His men, emboldened by the success of this first attack, streamed out of their hiding places and went on the attack, hitting the other vehicles in the convoy with small-arms fire. To Zarazi, the company commander of the guerrilla forces that surprised this small United Nations detachment, the apparent success of the hastily planned ambush was unexpected. His men had been on the move for months in some of northern Afghanistan’s worst weather; they were cold, tired, starving, and low on ammunition, morale, and courage, continually hounded by American and United Nations air forces.

Maybe they had such clear success because starving men made fiercer fighters — if they didn’t succeed, they were dead.
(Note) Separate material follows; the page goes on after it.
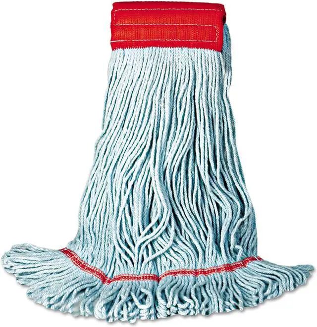 Durable, open-end spun cotton/rayon/synthetic blend 4-ply premium yarn. Looped-end design lints less, reduces fraying and unraveling. Double-sewn tailband prevents tangles and provides more floor coverage with each stroke. Launderable. Sturdy 5-inch mesh headband.

Their intelligence said this detachment, moving west from Andkhvoy since just yesterday to set up a communications relay site somewhere along the border, would have better security. Zarazi’s unit was well below full company strength, but they hurried to be in position to make this ambush anyway because of the chance to capture some superior weapons and vehicles to use in their guerrilla war against the Northern Alliance. Zarazi was disappointed at the small size of the detachment — he was hoping for more weapons and more captives. He might get only fifty captives and a few weeks’ worth of food and supplies out of this convoy. Still, it was better than nothing.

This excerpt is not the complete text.